= Recorded information =

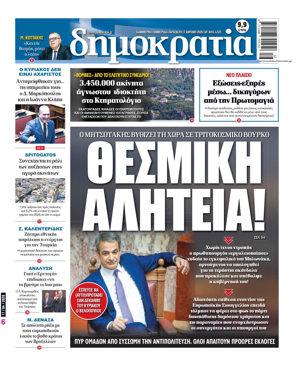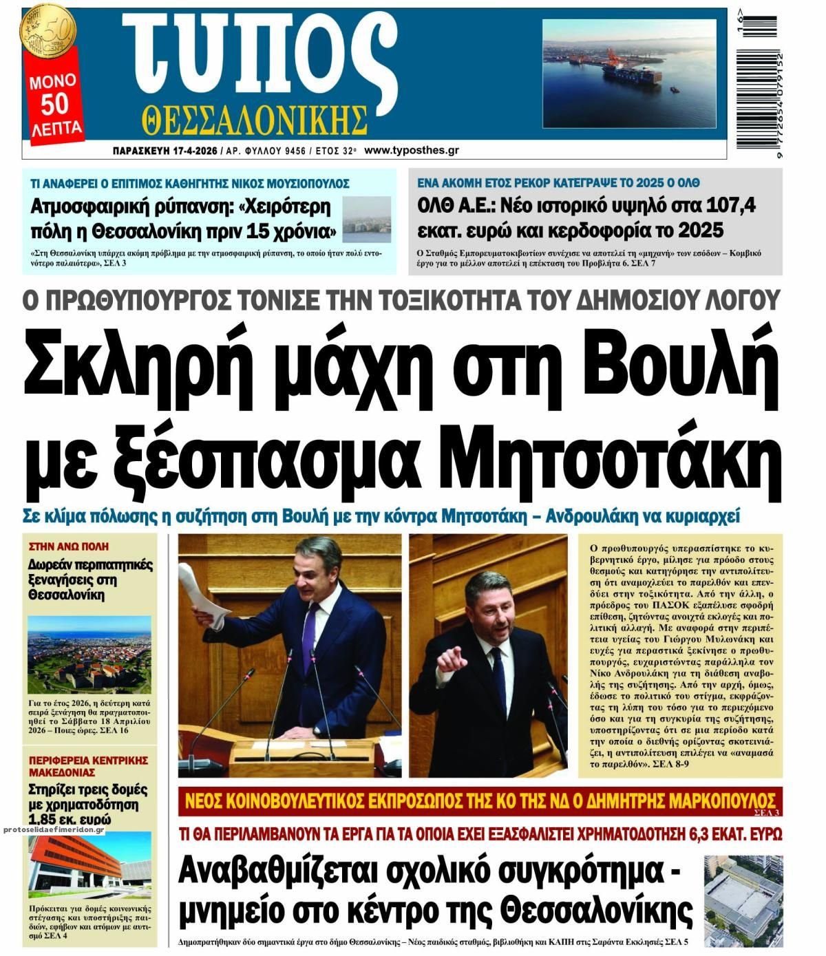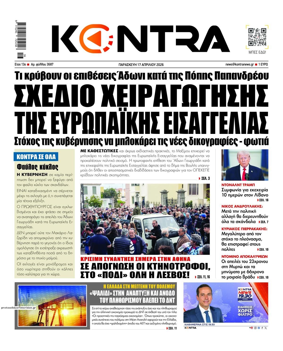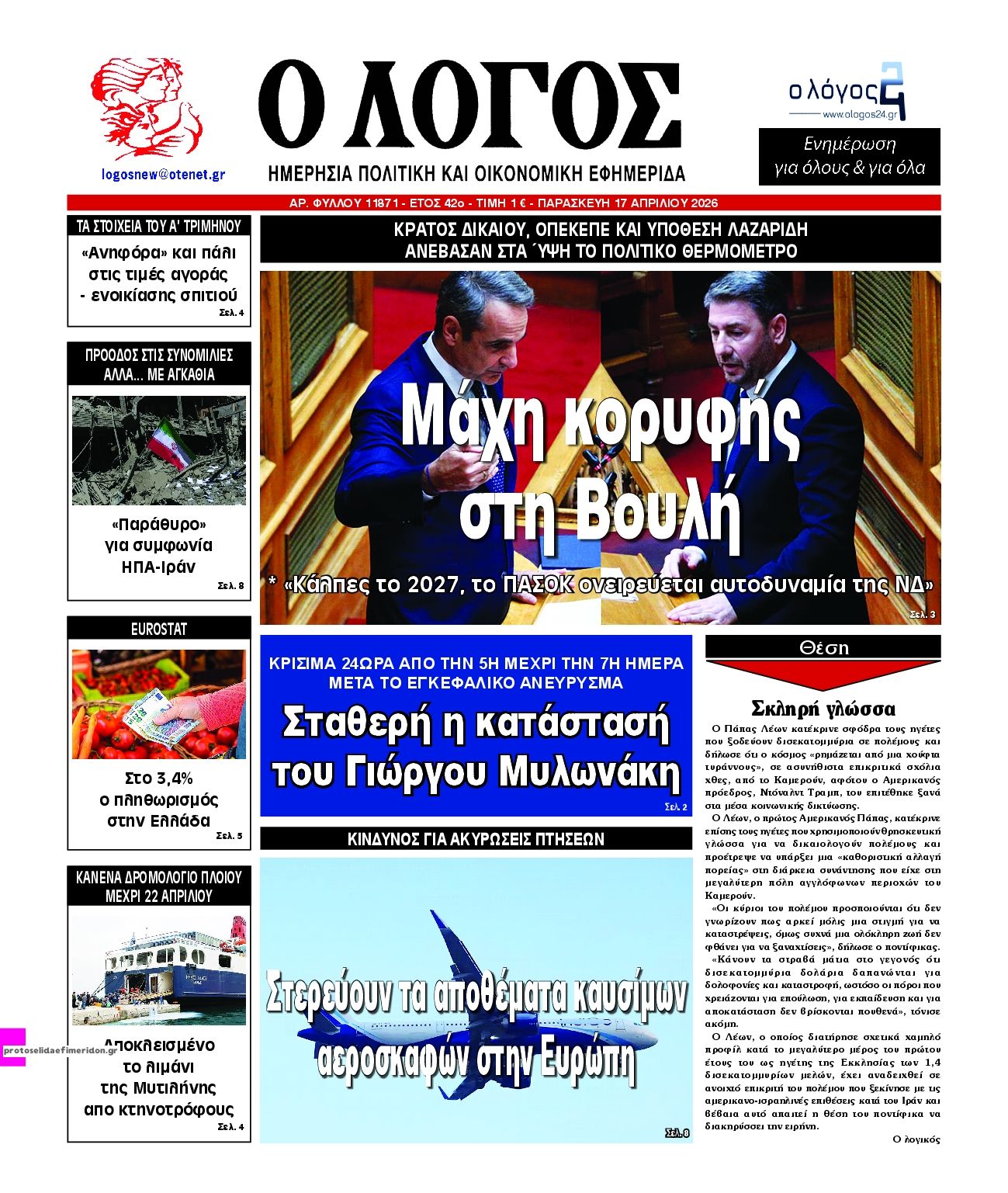 Διαβάστε τα πρωτοσέλιδα από τις πολιτικές εφημερίδες, σήμερα 17/4/2026.
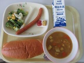 今日の給食は、セルフドックパン(牛乳パン、ウインナー、ケチャップ&マスタード)、牛乳、花野菜サラダ、マカロニカレースープです。高根沢町で生産されたものは、にんじん、玉ねぎ、アスパラガスです。今日もたいへんおいしく頂きました。
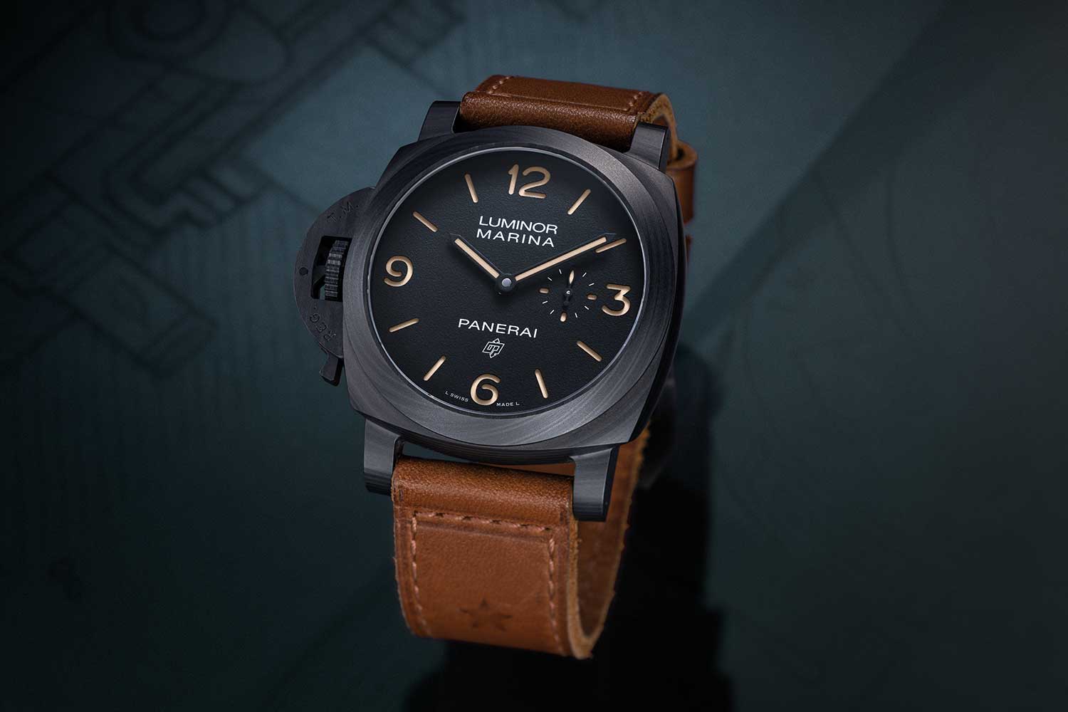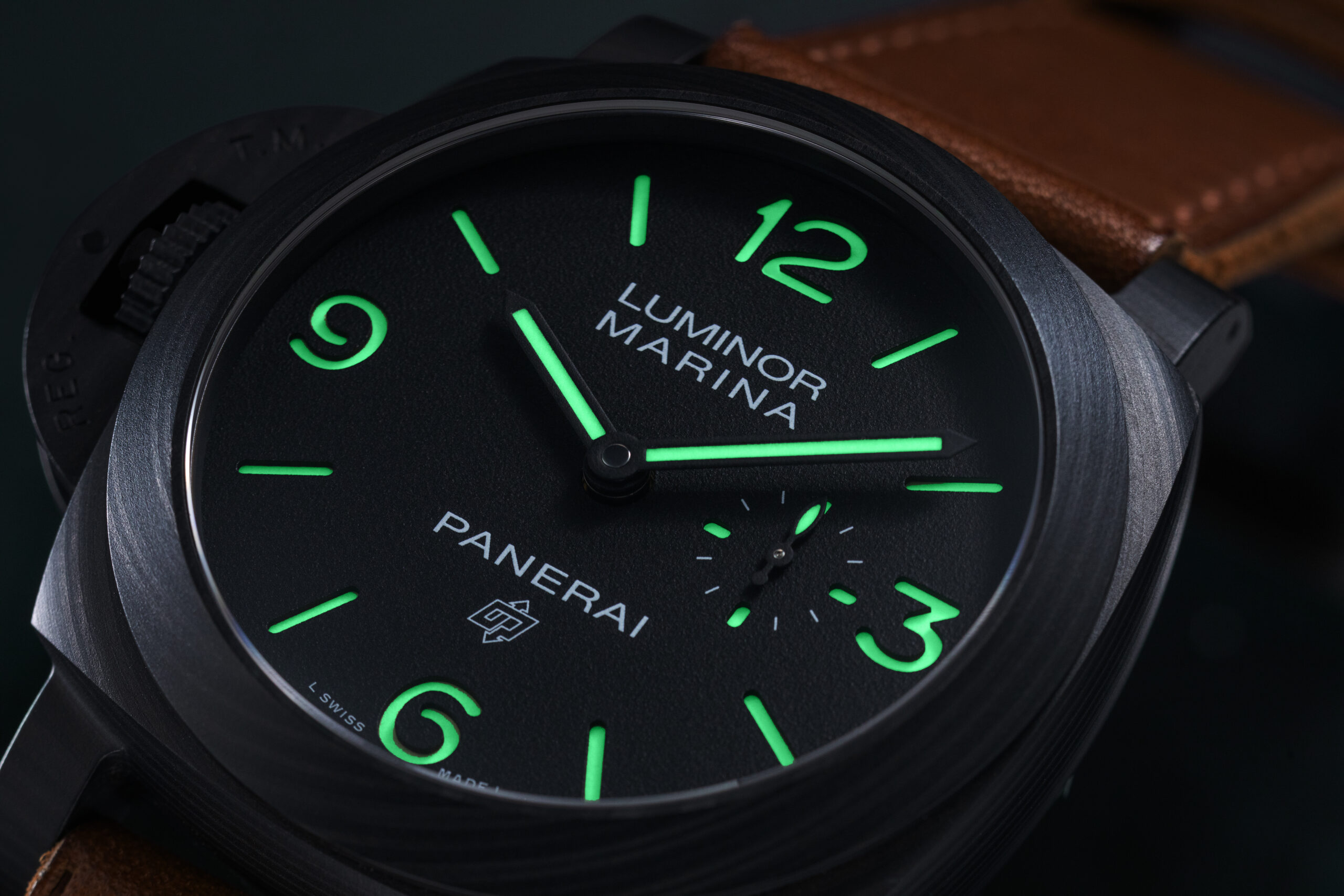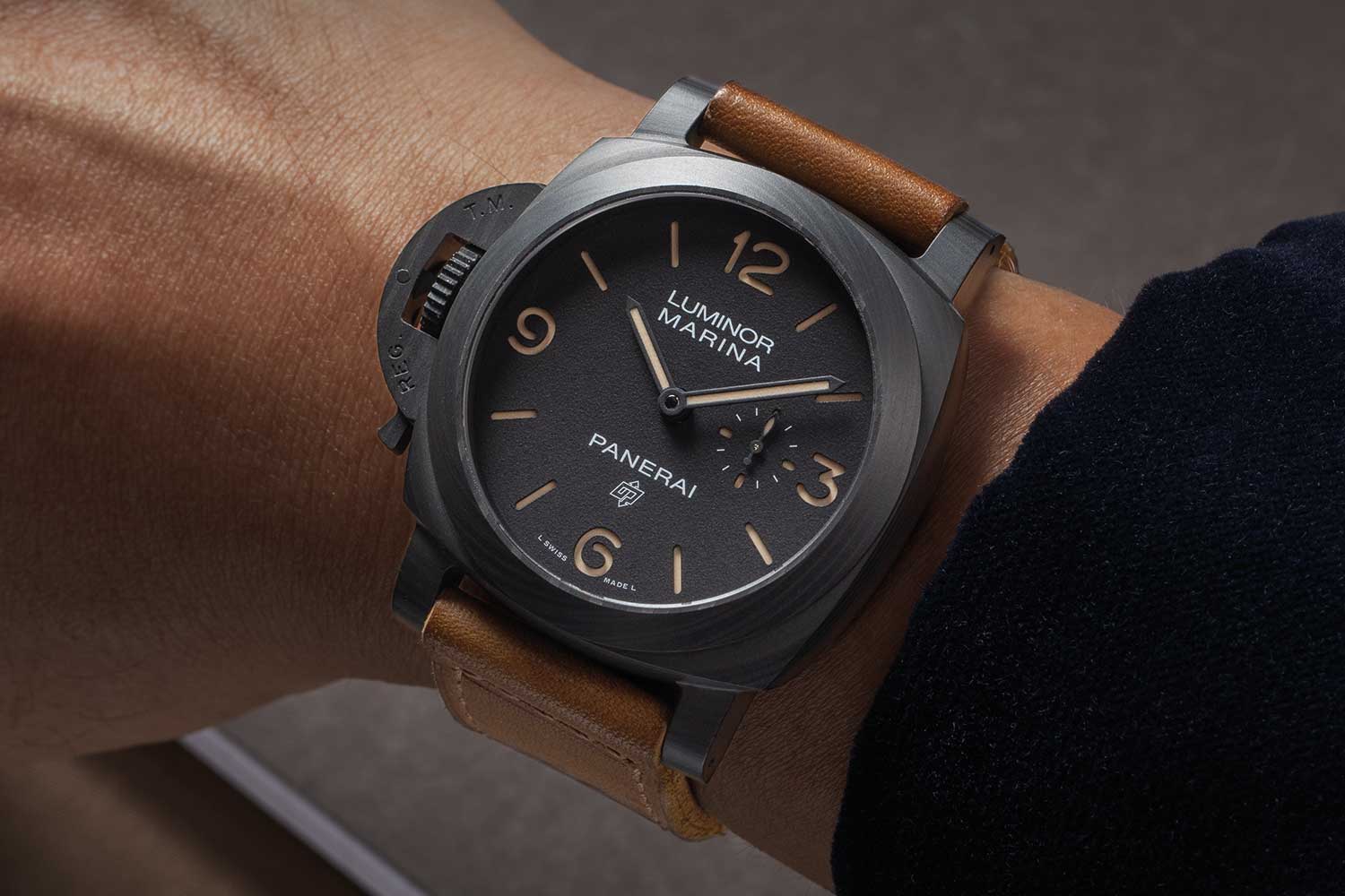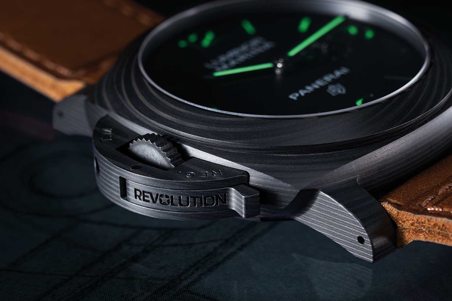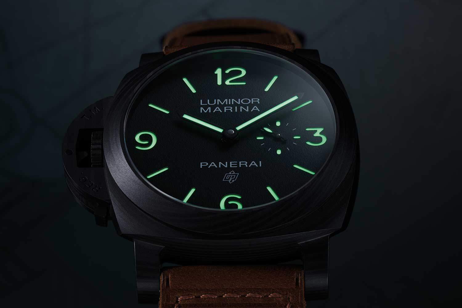 A distinguishing mark of this special Panerai x Revolution 20th Anniversary Luminor Marina Destro Carbotech PAM01708 (©Revolution)
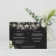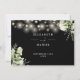 An elegant black and white greenery floral string lights wedding details information enclosure card personalised with your special details set in stylish typography and your names and wedding date on the reverse. Designed by Thisisnotme©

= Exercise aim =
Give the listing above again in its entirety and exactly; do not include the pictures.

= Reply to the exercise =
 Διαβάστε τα πρωτοσέλιδα από τις πολιτικές εφημερίδες, σήμερα 17/4/2026.
 今日の給食は、セルフドックパン(牛乳パン、ウインナー、ケチャップ&マスタード)、牛乳、花野菜サラダ、マカロニカレースープです。高根沢町で生産されたものは、にんじん、玉ねぎ、アスパラガスです。今日もたいへんおいしく頂きました。
 A distinguishing mark of this special Panerai x Revolution 20th Anniversary Luminor Marina Destro Carbotech PAM01708 (©Revolution)
 An elegant black and white greenery floral string lights wedding details information enclosure card personalised with your special details set in stylish typography and your names and wedding date on the reverse. Designed by Thisisnotme©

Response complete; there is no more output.